Они бродили по Хэмптон-Корту, и, безупречнейший джентльмен, он предусмотрительно отправлялся бродить вдоль реки, чтоб она могла не спеша помыть руки. Характерная для их отношений черточка. Многое не произносилось. И они бродили вокруг замка, лето за летом восторгались пропорциями и цветами, и он говорил ей разные вещи про перспективу и архитектуру, и замирал, устремив на дерево, пруд, ребенка (он все горевал, что у него дочери нет) отвлеченный, отуманенный взгляд, естественный для того, кто не вылезает из лаборатории, кого мир слепит, и он ходил очень медленно, заслоняя глаза рукой, и останавливался, и запрокидывал голову, и жадно вбирал воздух.

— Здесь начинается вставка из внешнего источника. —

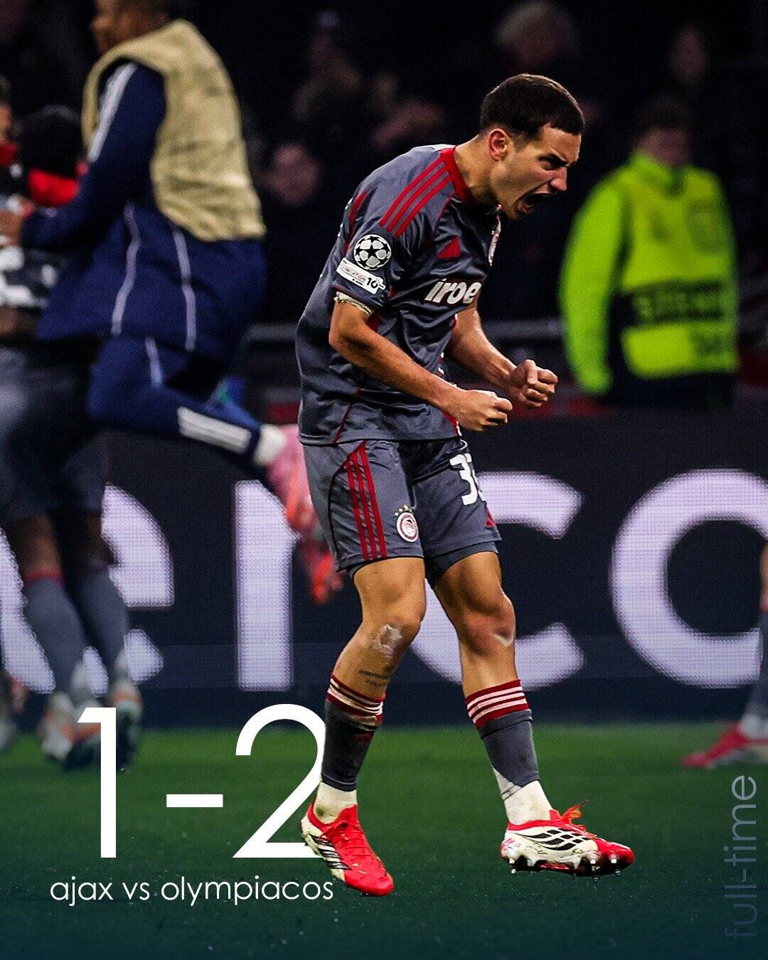 Τελικό σκορ: Άγιαξ 1 — Ολυμπιακός 2
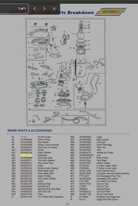 The Ghibli Seperator - AS12P is a genuine OEM replacement separator designed to suit the Ghibli AS12P‑series wet & dry commercial vacuum cleaner (including AS12P‑CBN models). This precision‑engineered separator plays a vital role in the vacuum’s internal airflow and debris‑management system, helping to separate larger particles and moisture from fine dust before it reaches the main filter. By improving the machine’s ability to handle mixed wet/dry waste and reducing premature filter clogging, this component enhances suction efficiency and extends the life of filters and the vacuum’s motor. Built to original manufacturer specifications, the Ghibli separator is durable, easy to install, and an ideal maintenance or replacement part for professional cleaning crews, facility managers, and service technicians. Whether you’re servicing a high‑use commercial vacuum or replacing a worn part, this separator helps maintain optimal performance, minimise downtime, and deliver reliable cleaning results in demanding environments such as warehouses, workshops, hospitality venues, and industrial facilities.
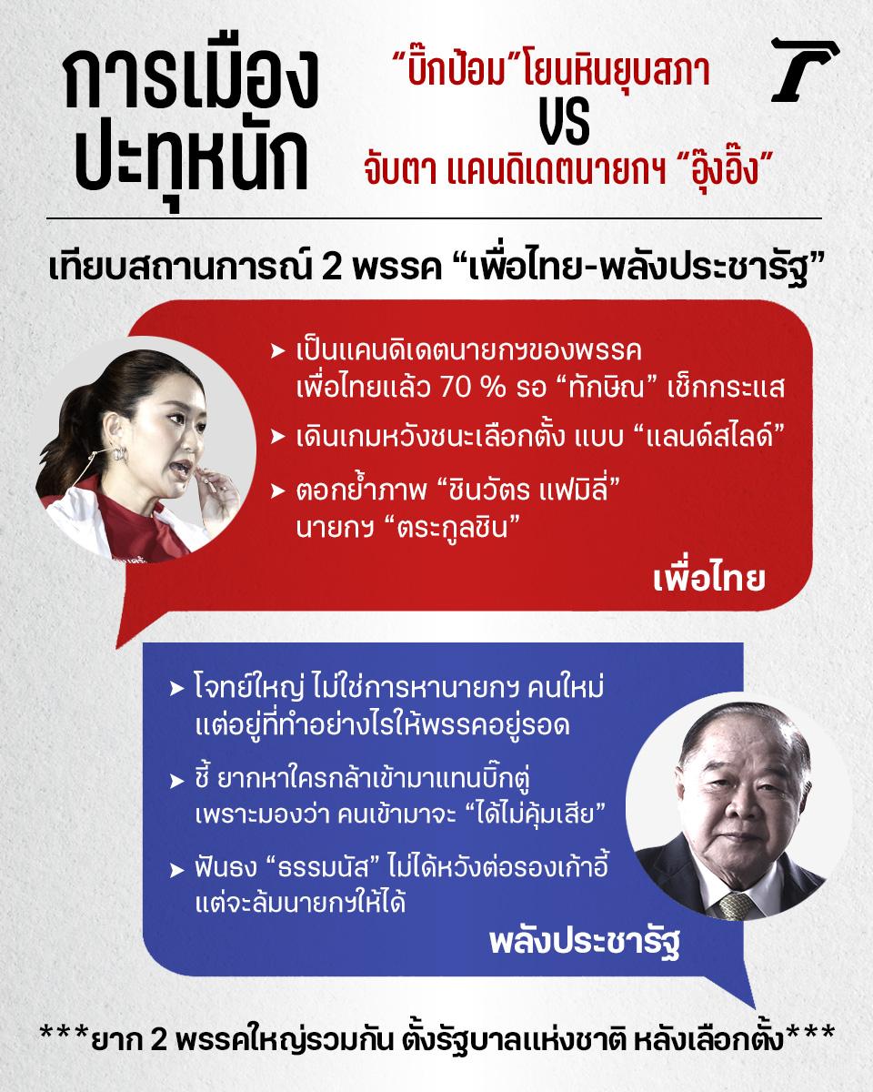 - "พลังประชารัฐ" หาแคนดิเดตนายกฯคนใหม่ แต่คงยาก ชี้โจทย์ใหญ่ไม่ใช่หาคนแทนบิ๊กตู่ แต่อยู่ที่ทำอย่างไรให้พรรคอยู่รอด ประคับประคอง ไปสู่การเลือกตั้งใหญ่ครั้งหน้ามากกว่า
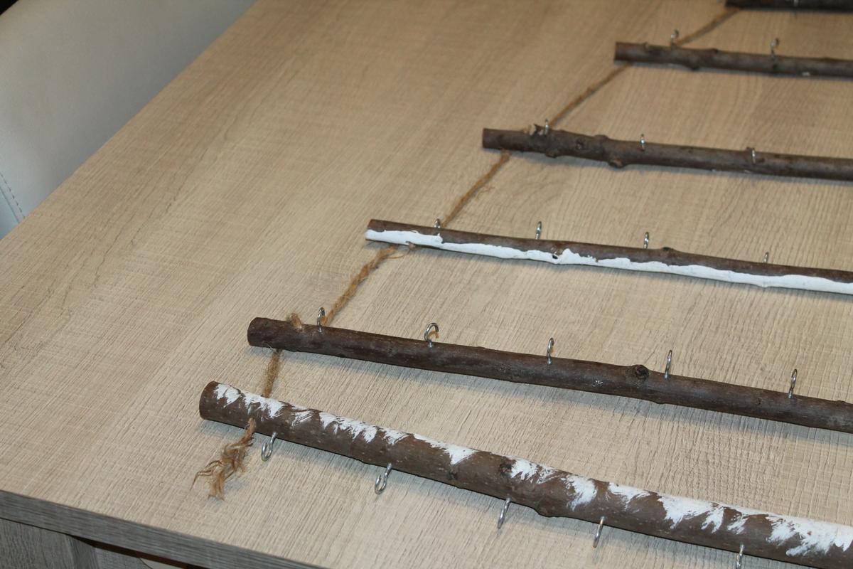 Primero se cortan las maderas (cada una más delgada que la anterior) y se hacen dos agujeros en cada palo, uno a cada extremo con el taladro. Como veis, algunas están pintadas porque mi primera idea era pintarlo de blanco, aunque luego me arrepentí y lo dejé tal como estaba. Pasé la cuerda y le hice un pequeño nudo cada vez que la pasaba para que no se moviera.
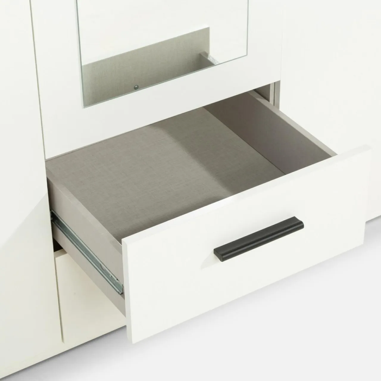 Z szafą TRAWEN oddzielisz odzież wierzchnią od pozostałej części garderoby. Nad drążkami znajdują się półki, na których poukładasz resztę ubrań i dodatki, a w szufladach pomieścisz bieliznę.
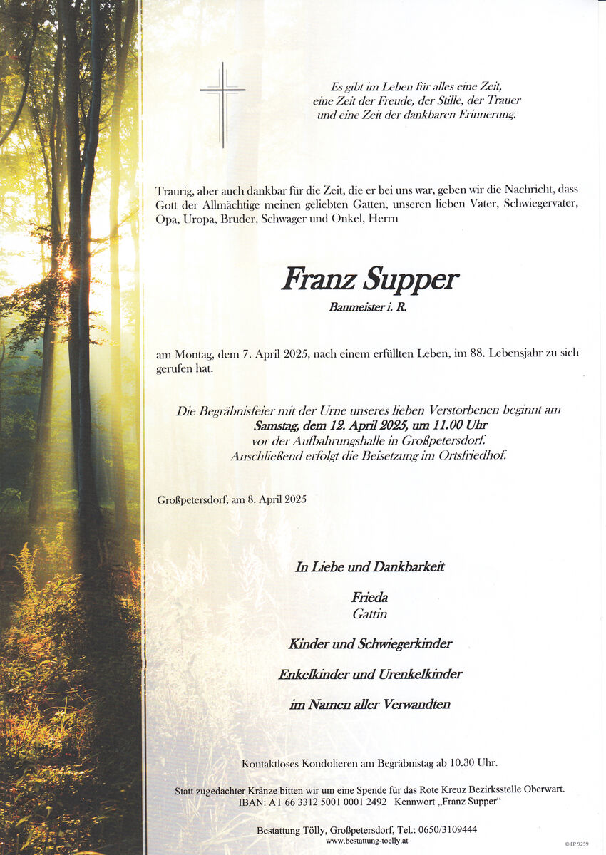 Wir stehen Ihnen in Ihrer Trauer bei ...
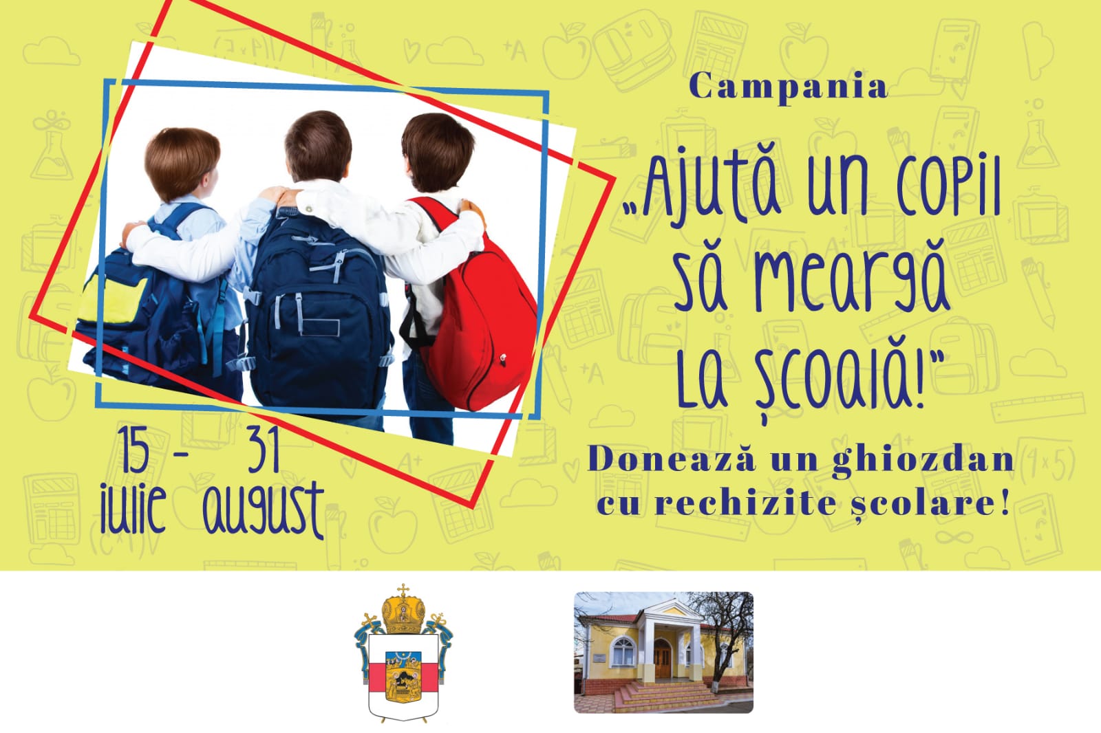 În acest sens, venim cu un îndemn la realizarea visului acestor copii unde eroul poți fi chiar tu, donând un ghiozdan cu rechizite școlare (de ex: 10 caiete de matematică, 10 caiete de limbă română, un caiet de muzică, o mapă pentru desen, un penar, un set de creioane colorate, 5 pixuri, acuarelă și 2 pensule, clei uscat, creioane simple, riglă, set de învelitori, radieră, ascuțitoare și altele la dorință) și ajutându-i să trăiască acele emoții pe care le aveai și tu atunci când îți revedeai colegii la început de an și te lăudai cu lucrurile noi.
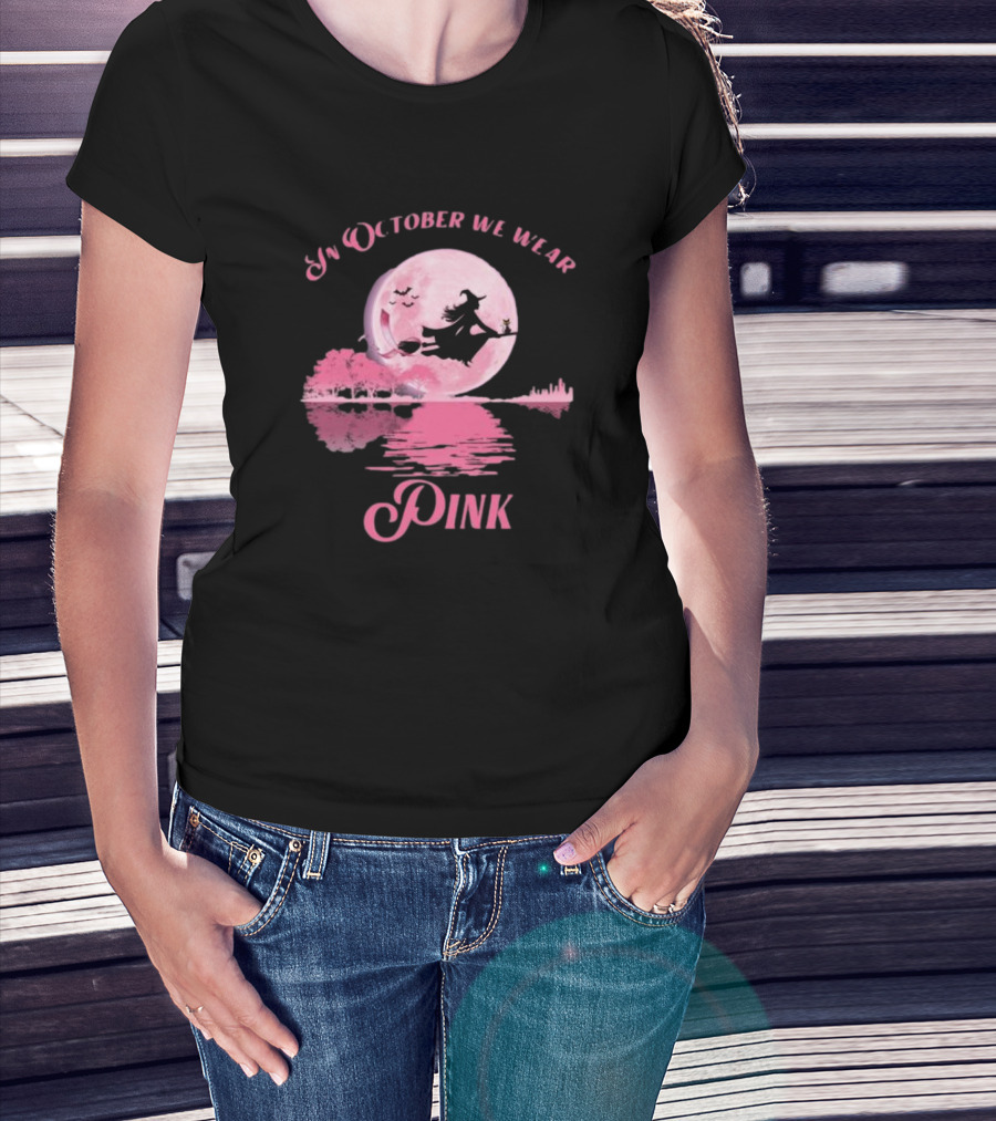 In October We Wear Pink Witch Halloween Moon Breast Cancer Awareness T-Shirt
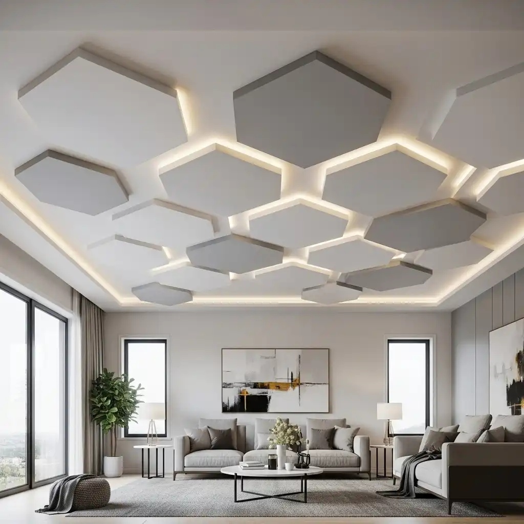 Use gypsum board to create overlapping 3D shapes or “honeycomb” patterns. This sculptural approach turns the ceiling into a piece of modern art, especially when accentuated by strategic spotlighting.
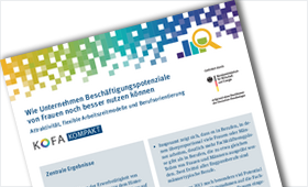 Das Projekt KOFA (Kompetenzzentrum Fachkräftesicherung) am Institut der deutschen Wirtschaft wird durch das Bundesministerium für Wirtschaft und Energie (BMWi) gefördert. Der Fokus des Projektes liegt in der Unterstützung von kleinen und mittleren Unternehmen (KMU) bei der Fachkräftesicherung und der Gestaltung ihrer Personalarbeit. Das KOFA bietet auf seiner Homepage konkrete Handlungsempfehlungen, wie Unternehmen Beschäftigungspotenziale von Frauen besser noch besser nutzen können.
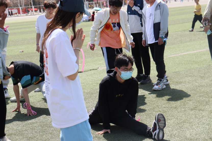 此次素质拓展分早上和下午进行,活动在“缘分一道桥”中开展分组,各小组熟悉小组成员后,进行了谁是柔韧王、真假难辨、开火车、千千结等游戏,活动有挑战也有温馨。
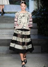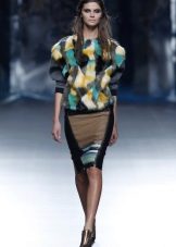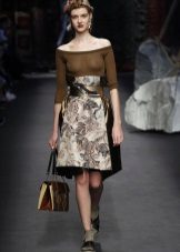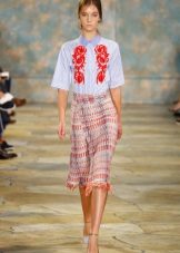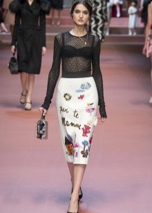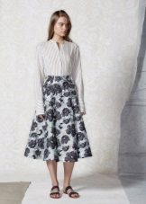 If you still selected fabric with a pattern, then the top to such a skirt is better to choose a calm, solid colors.
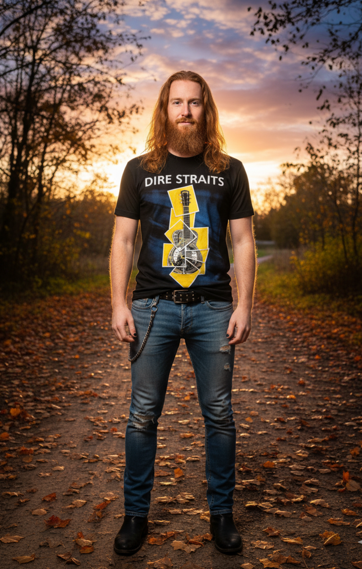 Camiseta Dire Straits 100% Algodão. Malha: Penteada Fio 30.1 / 100% algodão. Estampa: Silk-screen de alta qualidade, estampa na frente e nas costas.Gola: Preta com elastano, reforço interno ombro a ombro, modelo careca/redonda. Etiqueta: Possui etiqueta interna do fabricante com CNPJ. Tipo de Manga: Manga Curta.
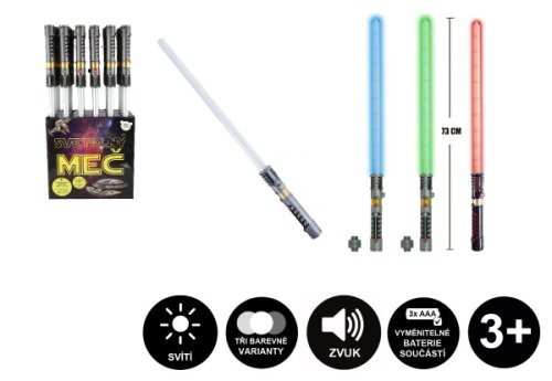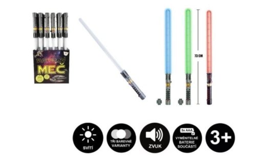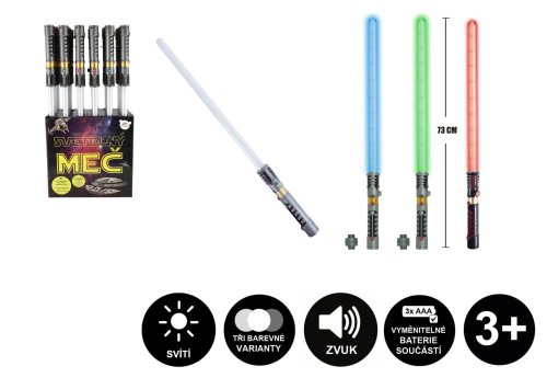 Meč při pohybu mění zvuk, při zasažení cíle vydává zvuk a svítí. Vybrat si můžete ze 3 barevných variant. Na baterie 3x AAA, které jsou součástí hračky. Rozměr meče: 73 cm Vhodné pro děti od 3 let

А потом говорил, что отпустил экономку в отпуск; и ему надо покупать новую дорожку на лестницу. Не составит ли она ему компанию, когда он пойдет покупать новую дорожку? А как-то раз, заведя разговор о Рэмзи, он сказал, что, когда он впервые увидел ее, на ней была серая шляпа; ей было тогда лет девятнадцать-двадцать, не больше. Ошеломляюще была хороша. И он кинул взглядом вдоль аллеи Хэмптон-Корта, словно вот сейчас, меж фонтанов, он увидит ее.
Она глянула на ступеньки под окном гостиной. Увидела – глазами Уильяма – образ женщины, спокойной, тихой, с опущенным взором. Сидит задумавшись, размышляя (она была в сером в тот день). Опустила глаза. Не поднимет. Да, думала Лили, старательно вглядываясь, такой я и видела ее, но не в сером; и менее тихой, спокойной; не юной. Образ готовно представился взгляду. Уильям говорил – ошеломляюще была хороша. Но красота ведь – еще не все. С этой красотою морока – уж слишком готовно, слишком законченной она открывается взгляду. Она сковывает, она замораживает жизнь. И забываешь про трепет, вспышку румянца, внезапную бледность, свет, тень, незаметные такие подрагиванья, которые на миг до неузнаваемости меняют лицо, но что-то новое открывают в чертах, что навеки въедается в память. Куда как проще все стереть и сравнять под паволокой красоты. Но с каким лицом, гадала Лили, она нахлобучивала войлочную шляпу, бежала в галошах по росе, распекала садовника Кеннеди? Кто знает? Кто скажет?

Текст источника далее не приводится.